Keto–Enol tautomerism and ionisation of 1-phenacylpyridinium ions: a model for carbanion-stabilisation of azomethine ylides

Abstract

Measurement of equilibrium constants for keto–enol tautomerism (K_T) and ionisation (K_a) of 1-phenacylpyridinium and 1-phenacyl(4-dimethylamino) pyridinium ions gives pK_T(–log K_T)= 6.10 and 5.55 and pK_a= 10.90 and 13.2 respectively. The enol content and acidity of the 1-phenacylpyridinium ion is lower than that of its 2-, 3- and 4-isomers. and the possibility that this reflects impaired –M resonance by a 1-pyridinium substituent is discussed. Notional (proton) activating factors reflecting the influence of the positive charge of the 1-pyridinium substituent upon equilibrium ionisation and rates of deprotonation by lutidine and hydroxide bases are estimated from free energy correlations as 10³, 17 and 5 × 10³ respectively.
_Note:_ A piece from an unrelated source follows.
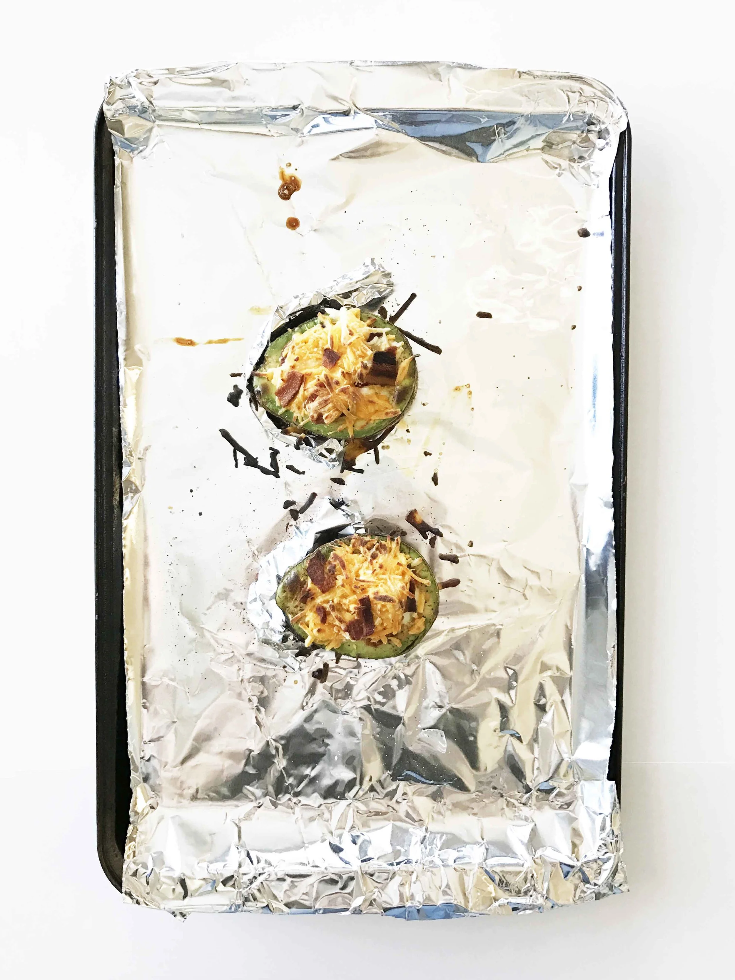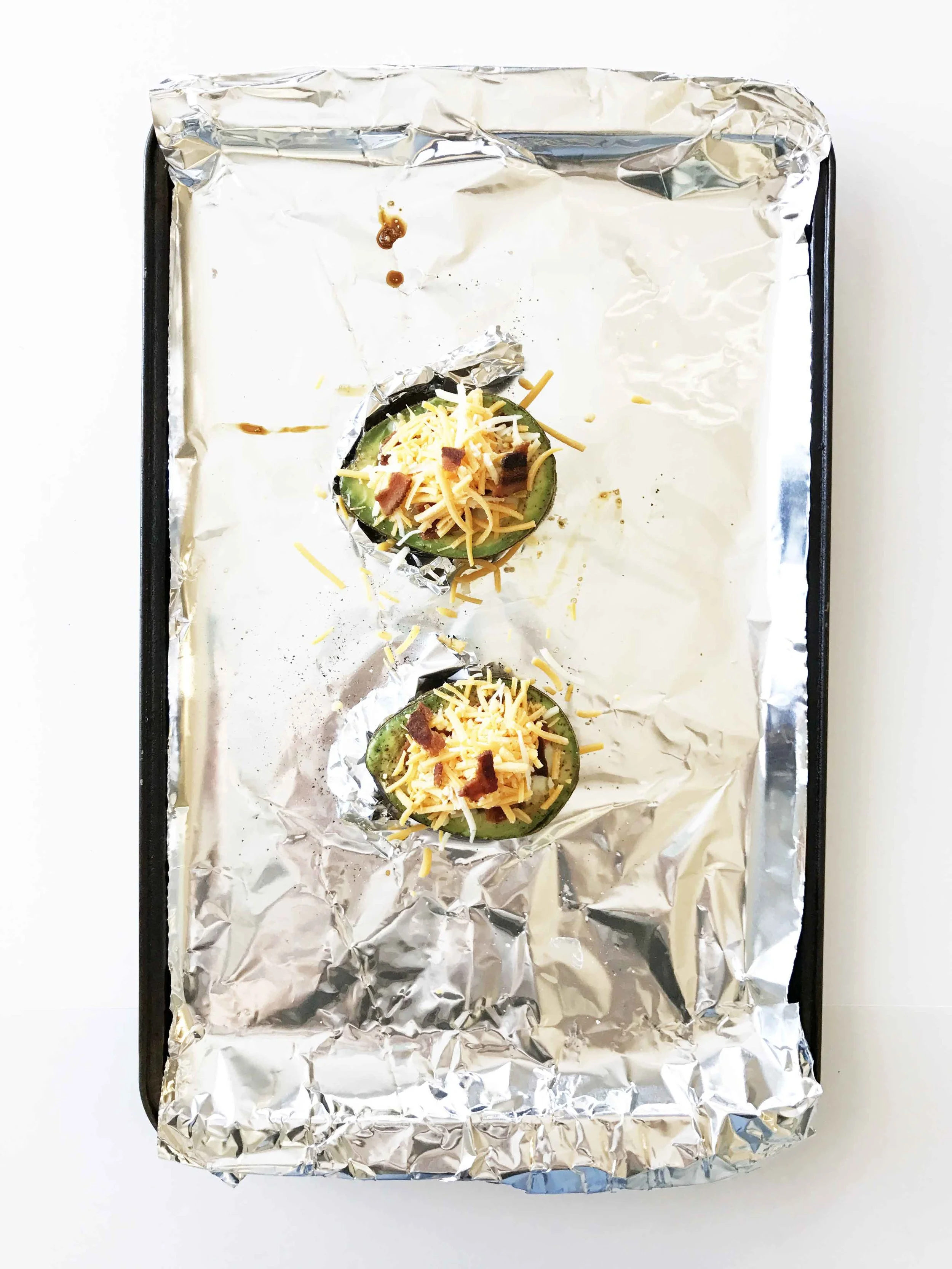 Once nearly done, remove the pan from the oven and sprinkle each avocado half with 2 Tbsp. cheese and one piece of crumbled up bacon.
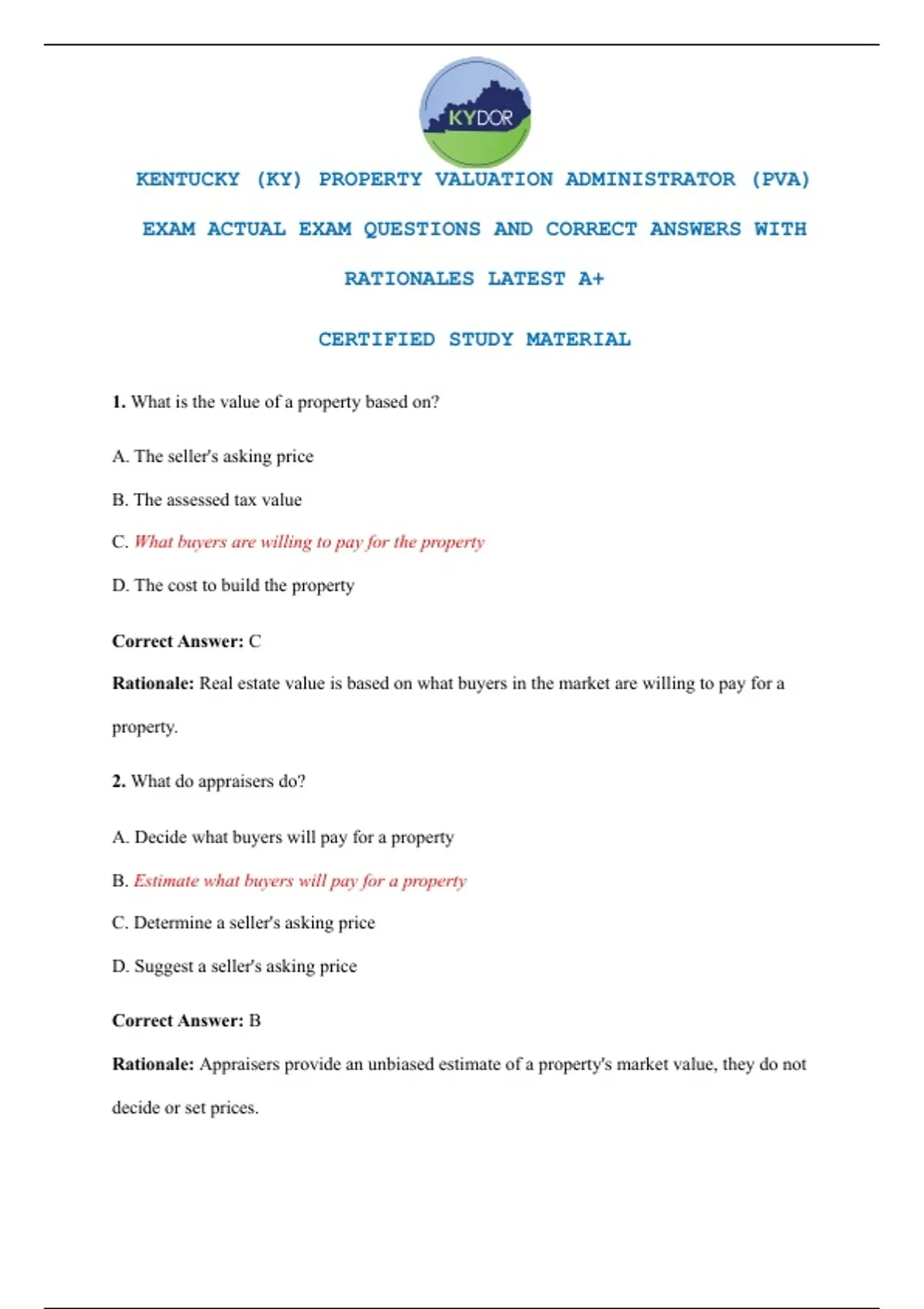 This resource is designed for candidates preparing for the Kentucky Property Valuation Administrator (PVA) Exam. It provides actual exam‑style questions with verified correct answers and detailed rationales to strengthen understanding. Coverage includes property tax law, valuation methods, assessment practices, and Kentucky‑specific regulations. Each item is aligned with the latest standards to ensure reliable and up‑to‑date preparation. This document is ideal for exam candidates, property valuation professionals, and individuals seeking a comprehensive review of PVA exam content. Clear explanations highlight key principles and help identify areas for improvement. Its structured format supports efficient studying and targeted review sessions. By practicing with exam‑aligned questions, learners can build confidence and improve their chances of passing the Kentucky PVA Exam. Prepare effectively with a resource built to support real exam success.

These compare with a (methyl) activating factor of 10⁹ derived from equilibrium ionisations of 4-chlorobenzaldehyde oxime and nitrone and a (notional) value of 10⁶ for pyridine-N-oxide. The implications of these values for the activating effect of N-protonation of an azomethine group in models for pyridoxal-catalysed azomethine rearrangements are discussed.